» **PROBLEM REQUIREMENTS**: Leaving out the pictures, copy each record below exactly.

(Dataset items)
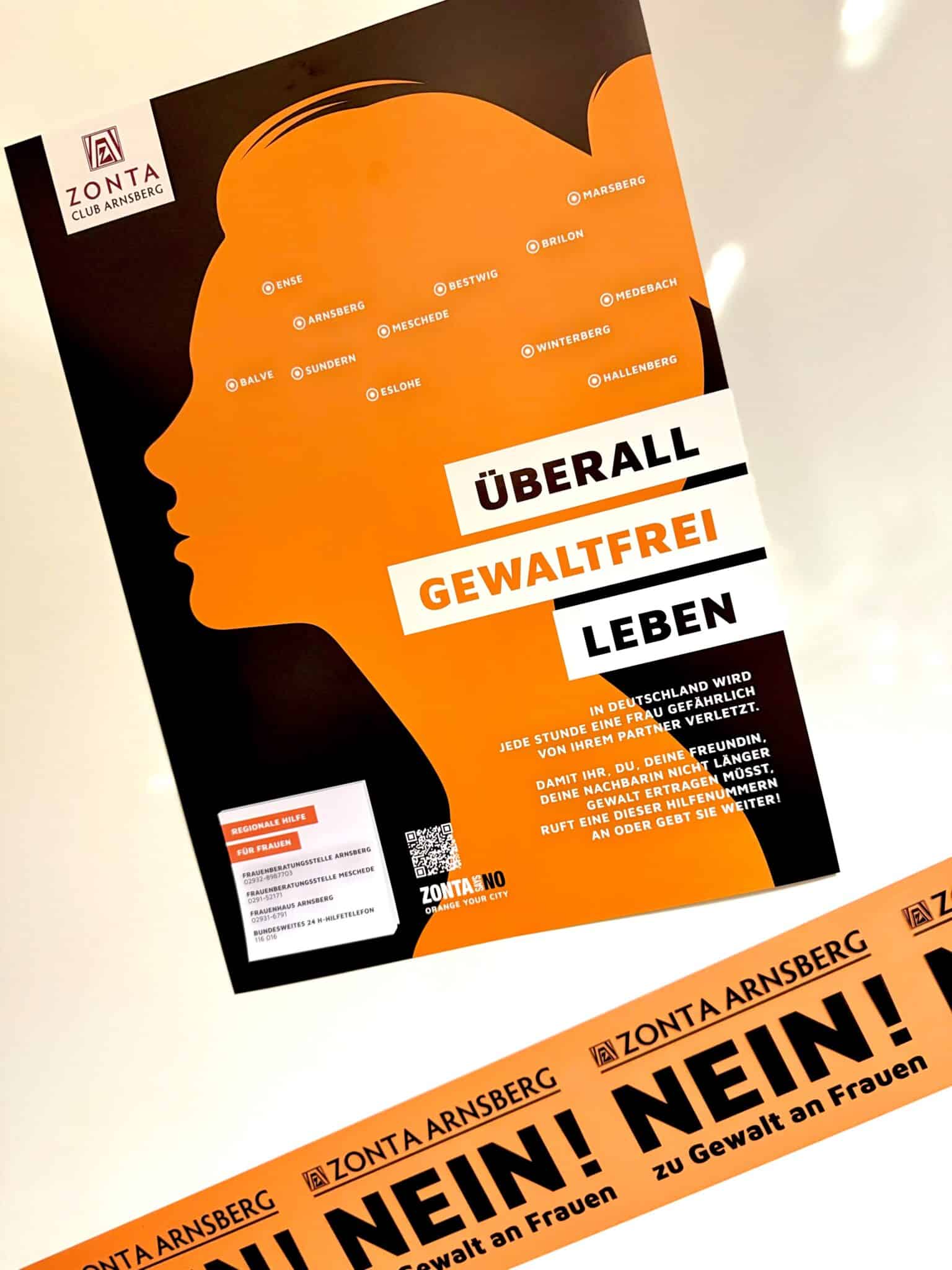 Und noch immer mangelt es auch im HSK an Frauenhausplätzen, Beratungskapazitäten und geeigneten Präventionsmaßnahmen. „Anstelle von Hilfe, Schutz, Solidarität und Rechtssicherheit erfahren Betroffene zu häufig eine Täter-Opfer-Umkehr und Stigmatisierung. Dieses gesellschaftliche Versagen endet statistisch gesehen jeden zweiten bis dritten Tag für eine Frau in Deutschland tödlich“, so die Präsidentin des ZONTA Club Arnsberg, Renate Jaschke. „Gewalt gegen Frauen ist eine Menschenrechtsverletzung, die wir nicht tolerieren dürfen. Mit unserer Aktion wollen wir nicht nur Bewusstsein schaffen, sondern auch Mut machen: Mut hinzusehen, Mut einzugreifen, und Mut, Hilfe zu suchen.“
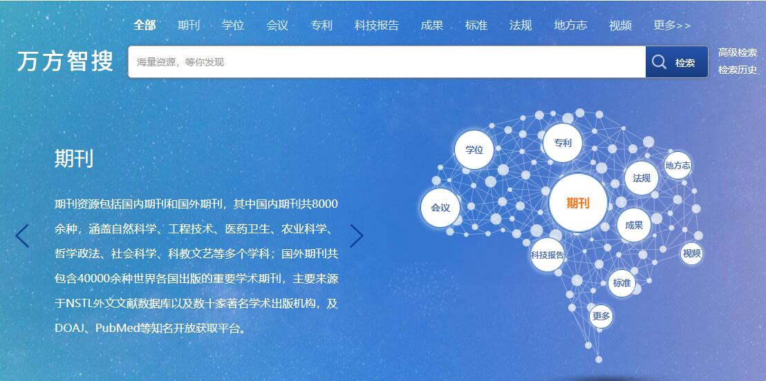 万方数据知识服务平台整合数亿条全球优质知识资源,集成期刊、学位、会议、科技报告、专利、标准、科技成果、法规、地方志、视频等十余种知识资源类型,覆盖自然科学、工程技术、医药卫生、农业科学、哲学政法、社会科学、科教文艺等全学科领域,实现海量学术文献统一发现及分析。
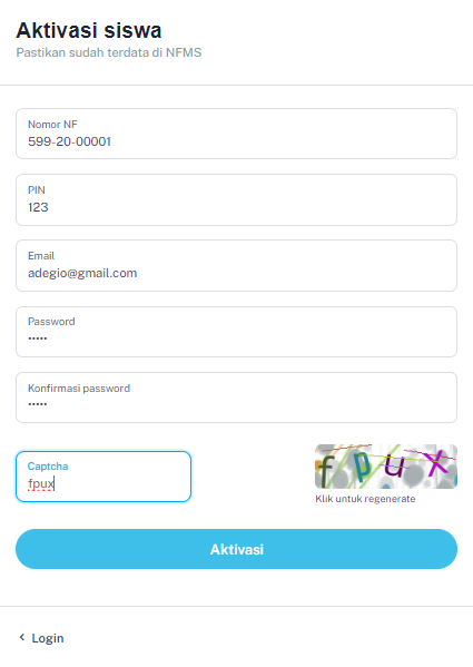 6. Setelah memasukkan semua data dan kode captcha, tekan tombol "AKTIVASI".
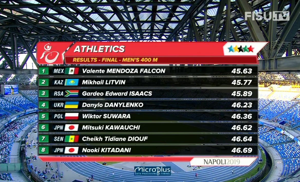El mexicano Valente Mendoza se colgó el oro luego de registrar 45.63 segundos en los 400 metros planos de la Universiada Mundial de Nápoles, Italia.
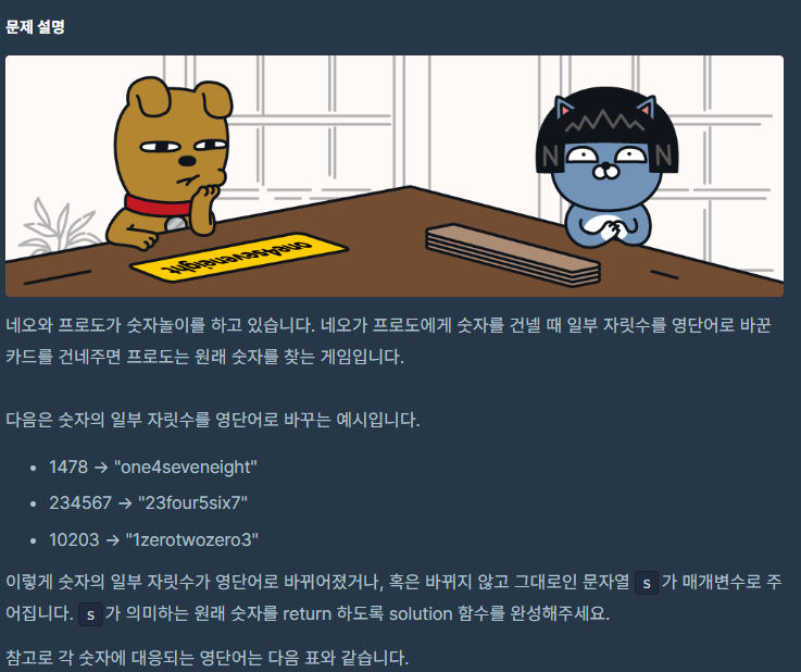 기본 숫자에는 1~19까지https://school.programmers.co.kr/learn/courses/30/lessons/81301
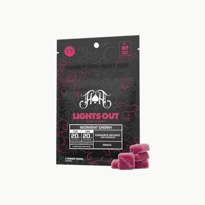 Delivering the ultimate knockout of full-body relaxation and mental calmness, Lights Out CBN Sleep gummies put you down gently and keep you asleep throughout the night. A smooth blend of cherry and dark fruit flavors, these gummies are infused with a 1:1 ratio of Heavy Hitters Ultra Extract and pure CBN. CBN, a rare cannabinoid created when THC is exposed to oxygen and light, is famous for its sedative properties. When paired with THC, CBN may provide a better night’s rest.
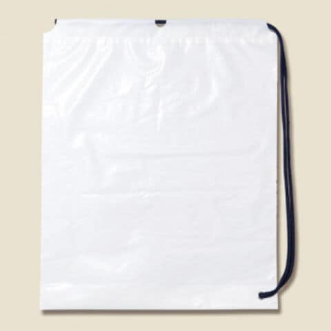 | 肩にかけられるタイプの巾着型袋です。中が見えにくい乳白色です。 |
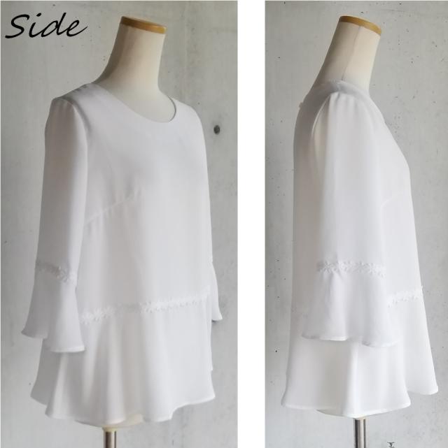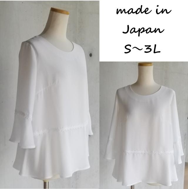 日本製 《M〜3L》小花レース使い ゆったりチュニックブラウス 124301
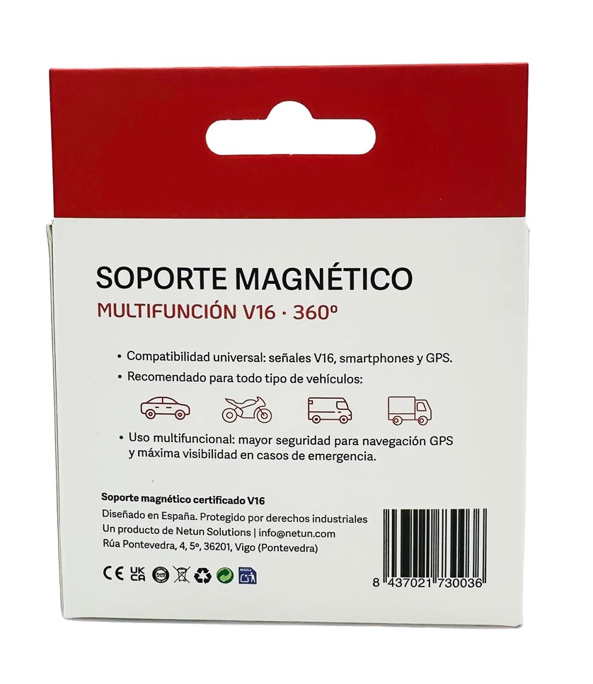 - Sí. Es compatible con todas las balizas V16 con base magnética del mercado. Si la adherencia no fuera suficiente, incluye un disco metálico adhesivo para mejorar la sujeción.
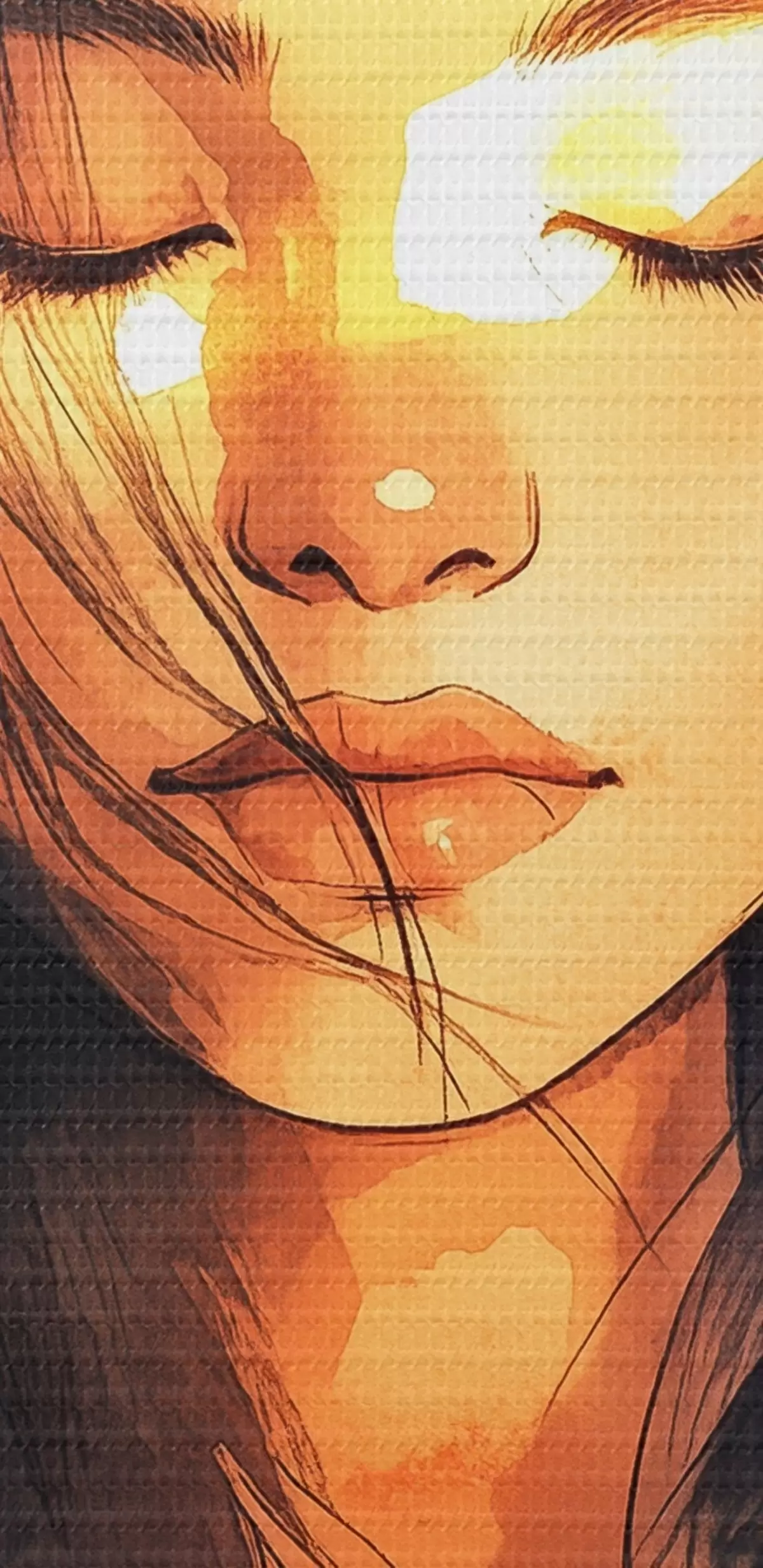 Smalkais diegu pinums uz šī audekla atgādina profesionālu mākslinieku audeklu virsmu.
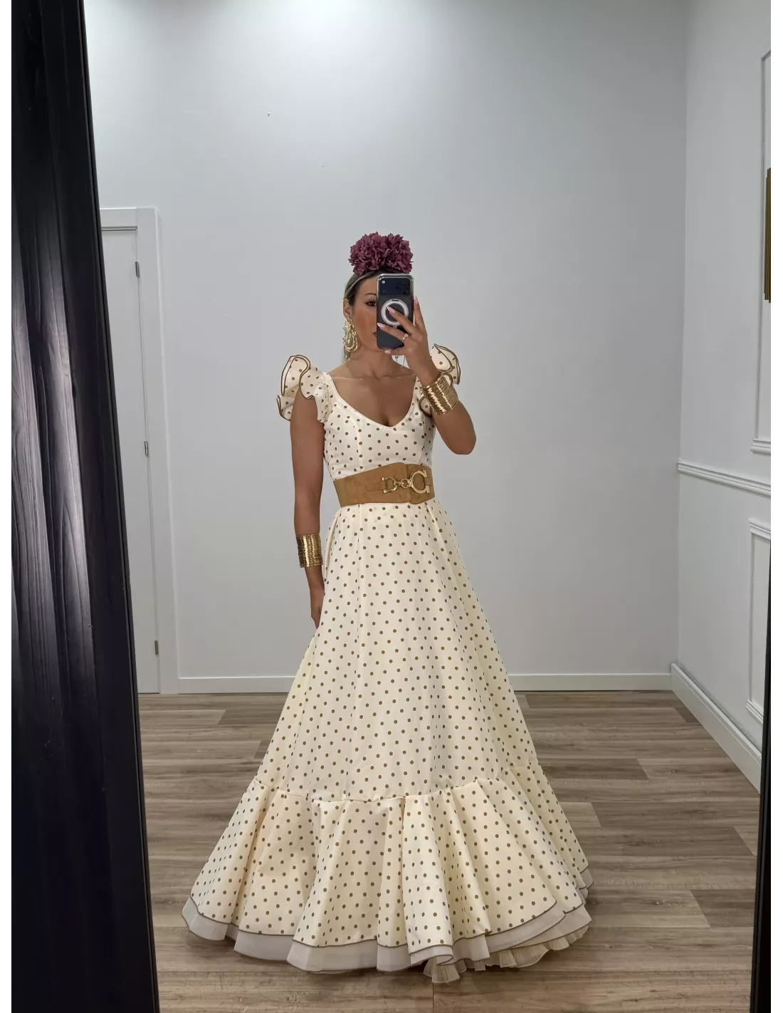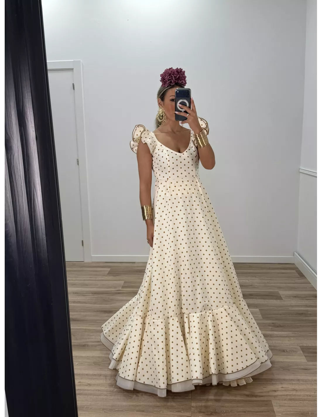 Bata que se cierra con cremallera en la zona de la espalda y lleva cordoncillo para ajustarla. NO INCLUYE LA ENAGUA, SE VENDE POR SEPARADO. Tiene para sacarle hasta dos tallas más. Es ajustado de la sisa.
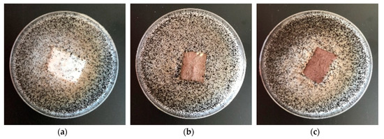 The sample antimicrobial activity tests against Chaetomium globosum. Inhibition properties of fungal growth on Petri dishes: (a)—PLA, (b)—PLA–Cu0(10); (c)—PLA–Cu0(30).
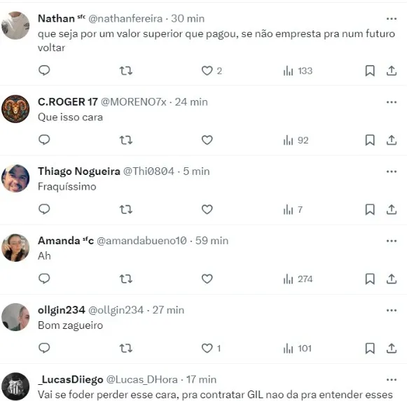 Com endosso de Fábio Carille, as conversas entre Santos e o experiente zagueiro Gil de 36 anos, evoluíram. Em 2023, pelo Corinthians o zagueiro atuou em 61 jogos, fez quatro gols e distribuiu cinco assistências.
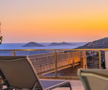 Kalkan’ın kalbinde, Akdeniz’in büyüleyici manzarasına hâkim konumda yer alan bu özel deniz manzaralı villa, 10 kişilik kapasitesiyle geniş aileler ve arkadaş grupları için mükemmel bir konaklama seçeneğidir.
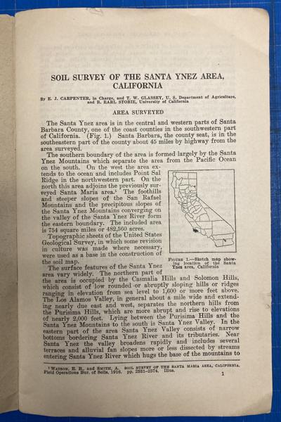First edition. 48 pp. Survey is complete with one large folding map in color that details the area. Also provides information on climate, agriculture, soils and crops, etc. Insect damage to last two pages, but not affecting the text, and small chip at top edge of front cover, else near fine in printed wrappers.
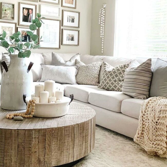 Light beige couches anchor the space, softened by textured gray throw pillows that invite relaxation.
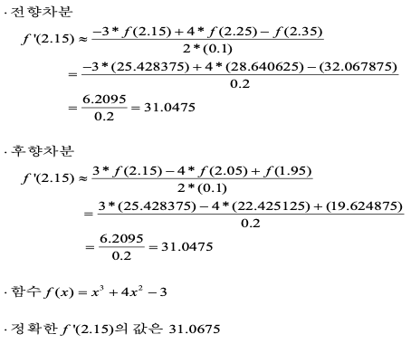 3) 1차 전방 및 후방 근사식을 이용한 근사값 계산

» **RESULT OF THIS EXERCISE**:
 Und noch immer mangelt es auch im HSK an Frauenhausplätzen, Beratungskapazitäten und geeigneten Präventionsmaßnahmen. „Anstelle von Hilfe, Schutz, Solidarität und Rechtssicherheit erfahren Betroffene zu häufig eine Täter-Opfer-Umkehr und Stigmatisierung. Dieses gesellschaftliche Versagen endet statistisch gesehen jeden zweiten bis dritten Tag für eine Frau in Deutschland tödlich“, so die Präsidentin des ZONTA Club Arnsberg, Renate Jaschke. „Gewalt gegen Frauen ist eine Menschenrechtsverletzung, die wir nicht tolerieren dürfen. Mit unserer Aktion wollen wir nicht nur Bewusstsein schaffen, sondern auch Mut machen: Mut hinzusehen, Mut einzugreifen, und Mut, Hilfe zu suchen.“
 万方数据知识服务平台整合数亿条全球优质知识资源,集成期刊、学位、会议、科技报告、专利、标准、科技成果、法规、地方志、视频等十余种知识资源类型,覆盖自然科学、工程技术、医药卫生、农业科学、哲学政法、社会科学、科教文艺等全学科领域,实现海量学术文献统一发现及分析。
 6. Setelah memasukkan semua data dan kode captcha, tekan tombol "AKTIVASI".
El mexicano Valente Mendoza se colgó el oro luego de registrar 45.63 segundos en los 400 metros planos de la Universiada Mundial de Nápoles, Italia.
 기본 숫자에는 1~19까지https://school.programmers.co.kr/learn/courses/30/lessons/81301
 Delivering the ultimate knockout of full-body relaxation and mental calmness, Lights Out CBN Sleep gummies put you down gently and keep you asleep throughout the night. A smooth blend of cherry and dark fruit flavors, these gummies are infused with a 1:1 ratio of Heavy Hitters Ultra Extract and pure CBN. CBN, a rare cannabinoid created when THC is exposed to oxygen and light, is famous for its sedative properties. When paired with THC, CBN may provide a better night’s rest.
 | 肩にかけられるタイプの巾着型袋です。中が見えにくい乳白色です。 |
 日本製 《M〜3L》小花レース使い ゆったりチュニックブラウス 124301
 - Sí. Es compatible con todas las balizas V16 con base magnética del mercado. Si la adherencia no fuera suficiente, incluye un disco metálico adhesivo para mejorar la sujeción.
 Smalkais diegu pinums uz šī audekla atgādina profesionālu mākslinieku audeklu virsmu.
 Bata que se cierra con cremallera en la zona de la espalda y lleva cordoncillo para ajustarla. NO INCLUYE LA ENAGUA, SE VENDE POR SEPARADO. Tiene para sacarle hasta dos tallas más. Es ajustado de la sisa.
 The sample antimicrobial activity tests against Chaetomium globosum. Inhibition properties of fungal growth on Petri dishes: (a)—PLA, (b)—PLA–Cu0(10); (c)—PLA–Cu0(30).
 Com endosso de Fábio Carille, as conversas entre Santos e o experiente zagueiro Gil de 36 anos, evoluíram. Em 2023, pelo Corinthians o zagueiro atuou em 61 jogos, fez quatro gols e distribuiu cinco assistências.
 Kalkan’ın kalbinde, Akdeniz’in büyüleyici manzarasına hâkim konumda yer alan bu özel deniz manzaralı villa, 10 kişilik kapasitesiyle geniş aileler ve arkadaş grupları için mükemmel bir konaklama seçeneğidir.
First edition. 48 pp. Survey is complete with one large folding map in color that details the area. Also provides information on climate, agriculture, soils and crops, etc. Insect damage to last two pages, but not affecting the text, and small chip at top edge of front cover, else near fine in printed wrappers.
 Light beige couches anchor the space, softened by textured gray throw pillows that invite relaxation.
 3) 1차 전방 및 후방 근사식을 이용한 근사값 계산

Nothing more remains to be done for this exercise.